Montgomery killed 23-year-old Bobbie Jo Stinnett in the northwest Missouri town of Skidmore in 2004. She used a rope to strangle Stinnett, who was eight months pregnant, and then cut the baby girl from the womb with a kitchen knife. Montgomery took the child with her and attempted to pass the girl off as her own.
An appeals court granted Montgomery a stay of execution Tuesday, shortly after another appeals court lifted an Indiana judge's ruling that found she was likely mentally ill and couldn't comprehend she would be put to death. But both appeals were lifted, allowing the execution of the only female on federal death row to go forward.
As the only woman on federal death row, Montgomery had been held in a federal prison in Texas and was brought to Terre Haute on Monday night.
Montgomery's legal team says she suffered "sexual torture," including gang rapes, as a child, permanently scarring her emotionally and exacerbating mental-health issues that ran in her family.
At trial, prosecutors accused Montgomery of faking mental illness, noting that her killing of Stinnett was premeditated and included meticulous planning, including online research on how to perform a C-section.
Henry balked at that idea, citing extensive testing and brain scans that supported the diagnosis of mental illness. She said the issue at the core of the legal arguments are not whether she knew the killing was wrong in 2004 but whether she fully grasps why she is slated to be executed now.
U.S. District Judge James Patrick Hanlon, who had halted Montgomery's execution before the stay was overturned on appeal, cited defense experts who alleged Montgomery suffered from depression, borderline personality disorder and post-traumatic stress disorder. Montgomery, the judge wrote, also suffered around the time of the killing from an extremely rare condition called pseudocyesis in which a woman's false belief she is pregnant triggers hormonal and physical changes as if she were actually pregnant.
Montgomery also experiences delusions and hallucinations, believing God spoke with her through connect-the-dot puzzles, the judge said, citing defense experts. The government has acknowledged Montgomery's mental issues but disputes that she can't comprehend that she is scheduled for execution for killing another person because of them.

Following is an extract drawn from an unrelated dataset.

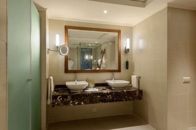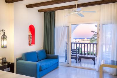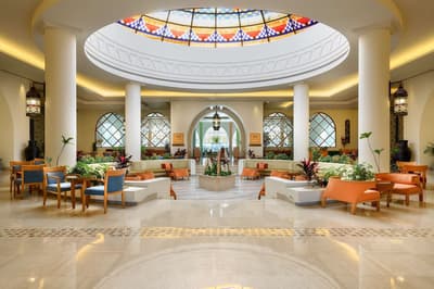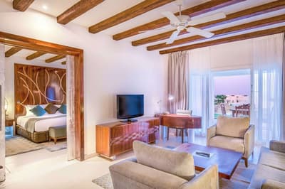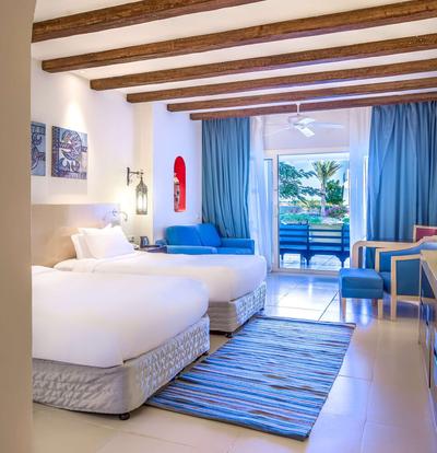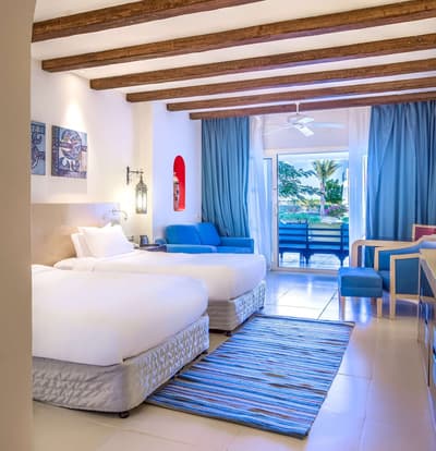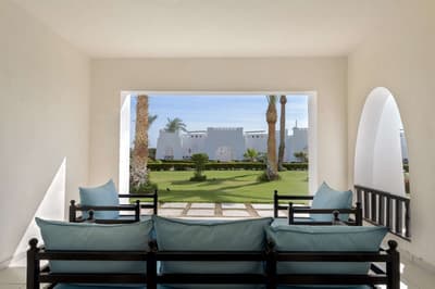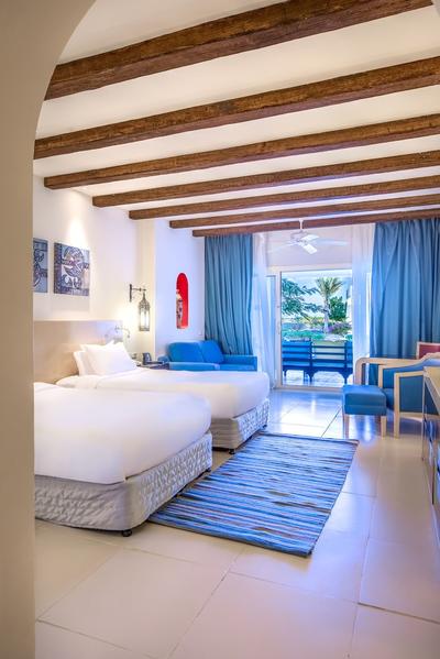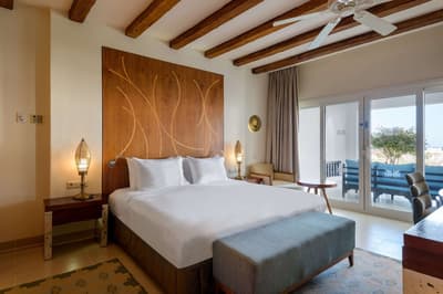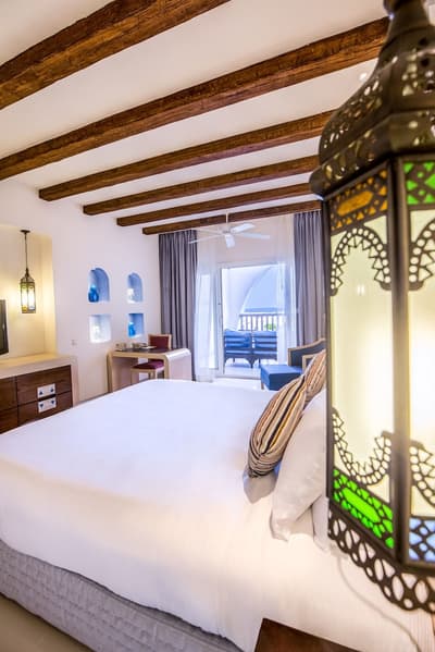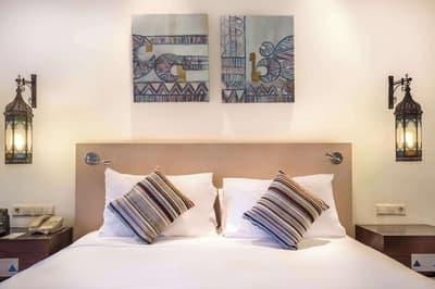 Le bonheur, les pieds dans l'eau... ou presque. Hilton Marsa Alam Nubian Resort 5* jouit de tout ce que l'une des plus belles baies de la Mer Rouge peut lui offrir. Des kilomètres de sable blanc, une eau turquoise et un récif de coraux abritant les espèces aquatiques les plus insolites. Ça en deviendrait presque lassant toute cette splendeur... L'architecture de l'hôtel a de quoi surprendre. On est loin des mastondontes qui pointent vers le ciel des grandes villes d'Égypte. Et pourtant la démesure n'est pas loin. Vous allez entretenir votre cardio-fitness grâce aux pas quotidiens que vous ferez, notamment pour aller vous prélasser sur la plage privée. Vous ne voulez pas marcher ? C'est bien simple, un petit train vous y emmène. Il suffit de demander ! Sur un domaine hyper étendu entouré de dunes toutes plus hautes les unes que les autres, 400 chambres réparties sur 23 bâtiments lui donnent réellement des allures d'irréductible village gaulois mais dans un seul registre de couleur : le blanc. Sûrement en promo pendant le mois du blanc égyptien... Ici, tout est immaculé, de l'extérieur à l'intérieur, du sol au plafond. Dans les chambres, seuls quelques éléments de déco viennent perturber cette palette monochromatique minimaliste. Des poutres en bois précieux apparaissent au plafond. Les chiens - sauf ceux d'assistance - sont interdits mais quelques niches abritent des vases en verre. Des lanternes marocaines servent de points d’éclairage un peu partout. Rayures et motifs géométriques habillent discrètement les parures de lit et les murs - des oeuvres picturales très certainement signées d'un artiste local - et insufflent cette petite touche 100% nubienne. La sensation d'apaisement et de sérénité est totale. Que demander de plus ?

Details of the crime at times left jurors in tears during her trial.
Prosecutors told the jury Montgomery drove about 170 miles (274 kilometers) from her Melvern, Kansas, farmhouse to the northwest Missouri town of Skidmore under the guise of adopting a rat terrier puppy from Stinnett. She strangled Stinnett performing a crude cesarean and fleeing with the baby.
Prosecutors said Stinnett regained consciousness and tried to defend herself as Montgomery cut the baby girl from her womb. Later that day, Montgomery called her husband to pick her up in the parking lot of a Long John Silver's in Topeka, Kansas, telling him she had delivered the baby earlier in the day at a nearby birthing center.
Montgomery was arrested the next day after showing off the premature infant, Victoria Jo, who is now 16 years old and hasn't spoken publicly about the tragedy.
Prosecutors said the motive was that Montgomery's ex-husband knew she had undergone a tubal ligation that made her sterile and planned to reveal she was lying about being pregnant in an effort to get custody of two of their four children. Needing a baby before a fast-approaching court date, Montgomery turned her focus on Stinnett, whom she had met at dog shows.
Anti-death penalty groups said Trump was pushing for executions prior to the November election in a cynical bid to burnish a reputation as a law-and-order leader.
The last woman executed by the federal government was Bonnie Brown Heady on Dec. 18, 1953, for the kidnapping and murder of a 6-year-old boy in Missouri.
The last woman executed by a state was Kelly Gissendaner, 47, on Sept. 30, 2015, in Georgia. She was convicted of murder in the 1997 slaying of her husband after she conspired with her lover, who stabbed Douglas Gissendaner to death.